» ACTION ITEM: What you return should match the data word for word, minus the images.

» INPUT RECORDS:

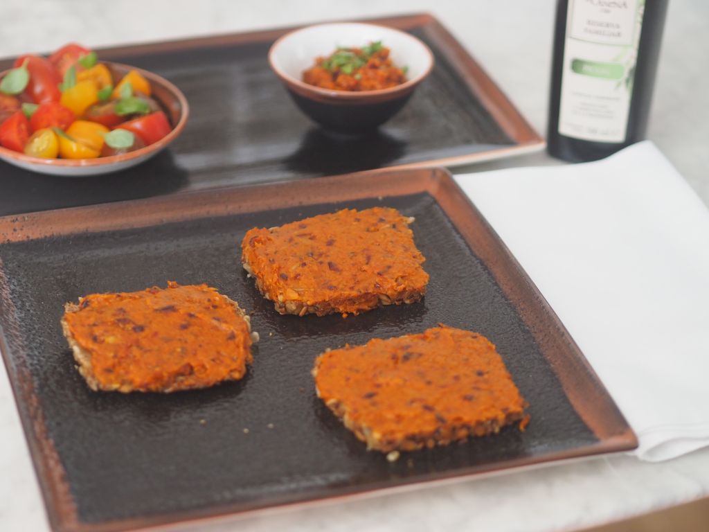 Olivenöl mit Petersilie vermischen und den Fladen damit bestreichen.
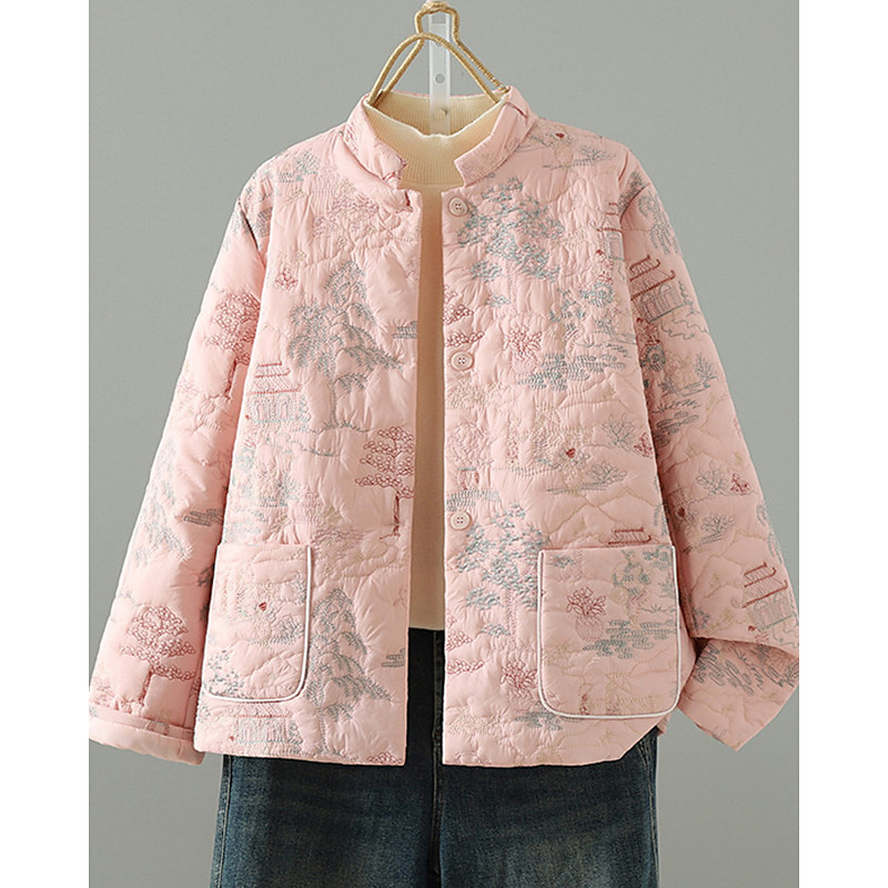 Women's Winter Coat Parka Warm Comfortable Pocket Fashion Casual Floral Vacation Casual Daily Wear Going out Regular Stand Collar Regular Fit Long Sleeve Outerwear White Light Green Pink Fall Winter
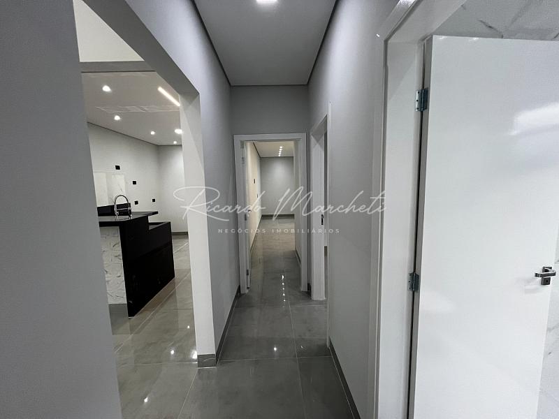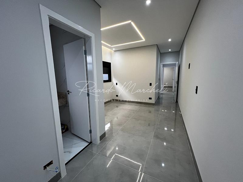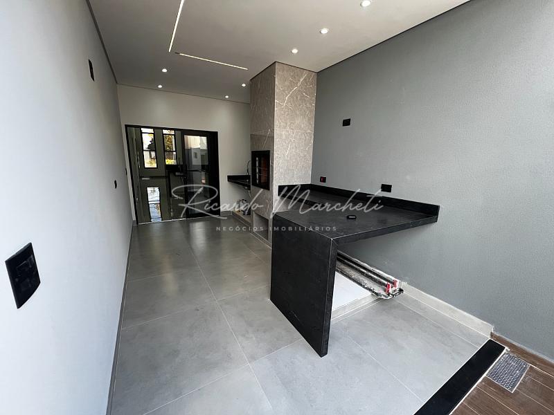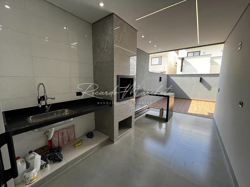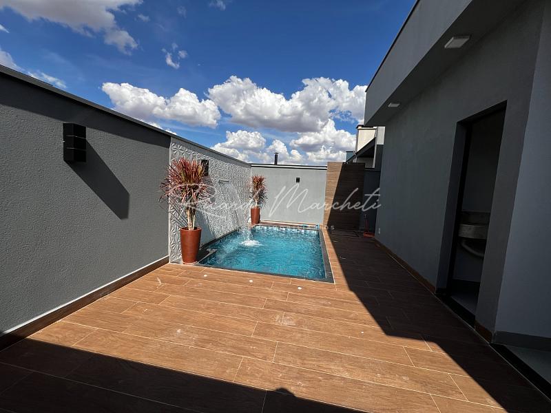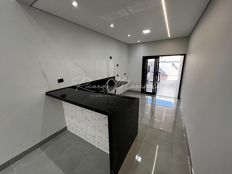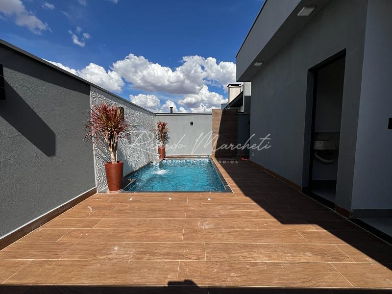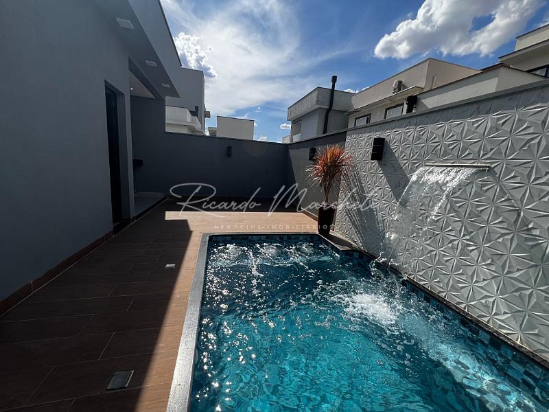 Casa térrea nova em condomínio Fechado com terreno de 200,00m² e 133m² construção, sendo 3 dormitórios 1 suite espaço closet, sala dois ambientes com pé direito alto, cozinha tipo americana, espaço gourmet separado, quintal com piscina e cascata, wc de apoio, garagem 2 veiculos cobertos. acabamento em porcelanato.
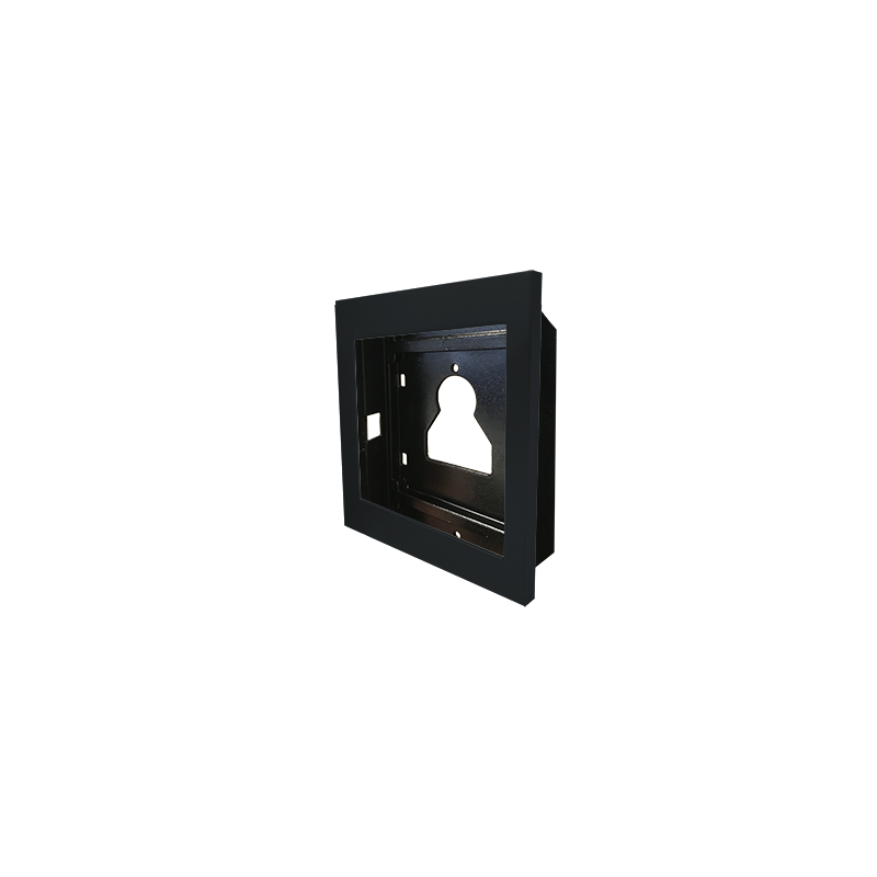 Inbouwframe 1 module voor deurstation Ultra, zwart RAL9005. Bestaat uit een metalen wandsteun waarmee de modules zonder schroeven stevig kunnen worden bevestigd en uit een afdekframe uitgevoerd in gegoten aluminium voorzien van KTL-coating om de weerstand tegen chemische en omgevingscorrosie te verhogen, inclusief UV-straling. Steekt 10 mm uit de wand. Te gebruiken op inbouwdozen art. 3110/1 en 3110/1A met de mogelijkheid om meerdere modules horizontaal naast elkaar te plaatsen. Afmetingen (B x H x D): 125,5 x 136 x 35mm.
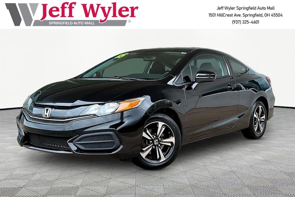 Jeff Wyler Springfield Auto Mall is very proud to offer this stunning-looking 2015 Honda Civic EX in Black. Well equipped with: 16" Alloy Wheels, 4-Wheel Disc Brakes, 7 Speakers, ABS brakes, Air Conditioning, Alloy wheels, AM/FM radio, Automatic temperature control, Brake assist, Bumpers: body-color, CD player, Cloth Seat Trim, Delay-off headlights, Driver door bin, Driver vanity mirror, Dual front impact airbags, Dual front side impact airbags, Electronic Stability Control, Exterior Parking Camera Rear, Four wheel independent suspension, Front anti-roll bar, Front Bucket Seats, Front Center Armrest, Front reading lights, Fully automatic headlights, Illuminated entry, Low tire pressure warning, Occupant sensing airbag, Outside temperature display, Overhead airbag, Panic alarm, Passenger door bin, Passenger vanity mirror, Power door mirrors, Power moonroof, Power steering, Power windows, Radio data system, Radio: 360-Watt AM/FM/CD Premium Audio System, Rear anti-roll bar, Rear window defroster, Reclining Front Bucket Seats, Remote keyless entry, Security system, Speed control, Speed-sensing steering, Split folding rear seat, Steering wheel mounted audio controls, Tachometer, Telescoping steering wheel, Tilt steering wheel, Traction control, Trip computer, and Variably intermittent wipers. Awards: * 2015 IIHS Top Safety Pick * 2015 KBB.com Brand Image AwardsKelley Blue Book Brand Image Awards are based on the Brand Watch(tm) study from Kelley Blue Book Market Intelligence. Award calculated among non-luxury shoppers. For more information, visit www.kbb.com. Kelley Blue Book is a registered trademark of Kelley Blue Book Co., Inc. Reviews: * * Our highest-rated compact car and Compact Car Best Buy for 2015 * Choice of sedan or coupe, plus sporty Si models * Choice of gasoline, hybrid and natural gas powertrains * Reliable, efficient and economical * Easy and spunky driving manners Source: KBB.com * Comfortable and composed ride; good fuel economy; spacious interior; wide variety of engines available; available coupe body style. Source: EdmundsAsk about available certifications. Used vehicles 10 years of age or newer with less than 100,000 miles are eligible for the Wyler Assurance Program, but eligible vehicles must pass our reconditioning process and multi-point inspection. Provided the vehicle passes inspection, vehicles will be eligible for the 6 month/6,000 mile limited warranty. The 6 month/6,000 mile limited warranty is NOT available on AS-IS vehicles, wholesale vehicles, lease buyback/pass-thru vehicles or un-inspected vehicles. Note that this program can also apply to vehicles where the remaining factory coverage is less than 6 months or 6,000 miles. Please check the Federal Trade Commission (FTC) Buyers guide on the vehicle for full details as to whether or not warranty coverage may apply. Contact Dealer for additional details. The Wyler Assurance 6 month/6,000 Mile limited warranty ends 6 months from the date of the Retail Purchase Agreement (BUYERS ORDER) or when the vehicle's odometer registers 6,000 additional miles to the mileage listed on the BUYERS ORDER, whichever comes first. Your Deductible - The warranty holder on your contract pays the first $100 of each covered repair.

» EXERCISE SOLUTION:
 Olivenöl mit Petersilie vermischen und den Fladen damit bestreichen.
 Women's Winter Coat Parka Warm Comfortable Pocket Fashion Casual Floral Vacation Casual Daily Wear Going out Regular Stand Collar Regular Fit Long Sleeve Outerwear White Light Green Pink Fall Winter
 Casa térrea nova em condomínio Fechado com terreno de 200,00m² e 133m² construção, sendo 3 dormitórios 1 suite espaço closet, sala dois ambientes com pé direito alto, cozinha tipo americana, espaço gourmet separado, quintal com piscina e cascata, wc de apoio, garagem 2 veiculos cobertos. acabamento em porcelanato.
 Inbouwframe 1 module voor deurstation Ultra, zwart RAL9005. Bestaat uit een metalen wandsteun waarmee de modules zonder schroeven stevig kunnen worden bevestigd en uit een afdekframe uitgevoerd in gegoten aluminium voorzien van KTL-coating om de weerstand tegen chemische en omgevingscorrosie te verhogen, inclusief UV-straling. Steekt 10 mm uit de wand. Te gebruiken op inbouwdozen art. 3110/1 en 3110/1A met de mogelijkheid om meerdere modules horizontaal naast elkaar te plaatsen. Afmetingen (B x H x D): 125,5 x 136 x 35mm.
 Jeff Wyler Springfield Auto Mall is very proud to offer this stunning-looking 2015 Honda Civic EX in Black. Well equipped with: 16" Alloy Wheels, 4-Wheel Disc Brakes, 7 Speakers, ABS brakes, Air Conditioning, Alloy wheels, AM/FM radio, Automatic temperature control, Brake assist, Bumpers: body-color, CD player, Cloth Seat Trim, Delay-off headlights, Driver door bin, Driver vanity mirror, Dual front impact airbags, Dual front side impact airbags, Electronic Stability Control, Exterior Parking Camera Rear, Four wheel independent suspension, Front anti-roll bar, Front Bucket Seats, Front Center Armrest, Front reading lights, Fully automatic headlights, Illuminated entry, Low tire pressure warning, Occupant sensing airbag, Outside temperature display, Overhead airbag, Panic alarm, Passenger door bin, Passenger vanity mirror, Power door mirrors, Power moonroof, Power steering, Power windows, Radio data system, Radio: 360-Watt AM/FM/CD Premium Audio System, Rear anti-roll bar, Rear window defroster, Reclining Front Bucket Seats, Remote keyless entry, Security system, Speed control, Speed-sensing steering, Split folding rear seat, Steering wheel mounted audio controls, Tachometer, Telescoping steering wheel, Tilt steering wheel, Traction control, Trip computer, and Variably intermittent wipers. Awards: * 2015 IIHS Top Safety Pick * 2015 KBB.com Brand Image AwardsKelley Blue Book Brand Image Awards are based on the Brand Watch(tm) study from Kelley Blue Book Market Intelligence. Award calculated among non-luxury shoppers. For more information, visit www.kbb.com. Kelley Blue Book is a registered trademark of Kelley Blue Book Co., Inc. Reviews: * * Our highest-rated compact car and Compact Car Best Buy for 2015 * Choice of sedan or coupe, plus sporty Si models * Choice of gasoline, hybrid and natural gas powertrains * Reliable, efficient and economical * Easy and spunky driving manners Source: KBB.com * Comfortable and composed ride; good fuel economy; spacious interior; wide variety of engines available; available coupe body style. Source: EdmundsAsk about available certifications. Used vehicles 10 years of age or newer with less than 100,000 miles are eligible for the Wyler Assurance Program, but eligible vehicles must pass our reconditioning process and multi-point inspection. Provided the vehicle passes inspection, vehicles will be eligible for the 6 month/6,000 mile limited warranty. The 6 month/6,000 mile limited warranty is NOT available on AS-IS vehicles, wholesale vehicles, lease buyback/pass-thru vehicles or un-inspected vehicles. Note that this program can also apply to vehicles where the remaining factory coverage is less than 6 months or 6,000 miles. Please check the Federal Trade Commission (FTC) Buyers guide on the vehicle for full details as to whether or not warranty coverage may apply. Contact Dealer for additional details. The Wyler Assurance 6 month/6,000 Mile limited warranty ends 6 months from the date of the Retail Purchase Agreement (BUYERS ORDER) or when the vehicle's odometer registers 6,000 additional miles to the mileage listed on the BUYERS ORDER, whichever comes first. Your Deductible - The warranty holder on your contract pays the first $100 of each covered repair.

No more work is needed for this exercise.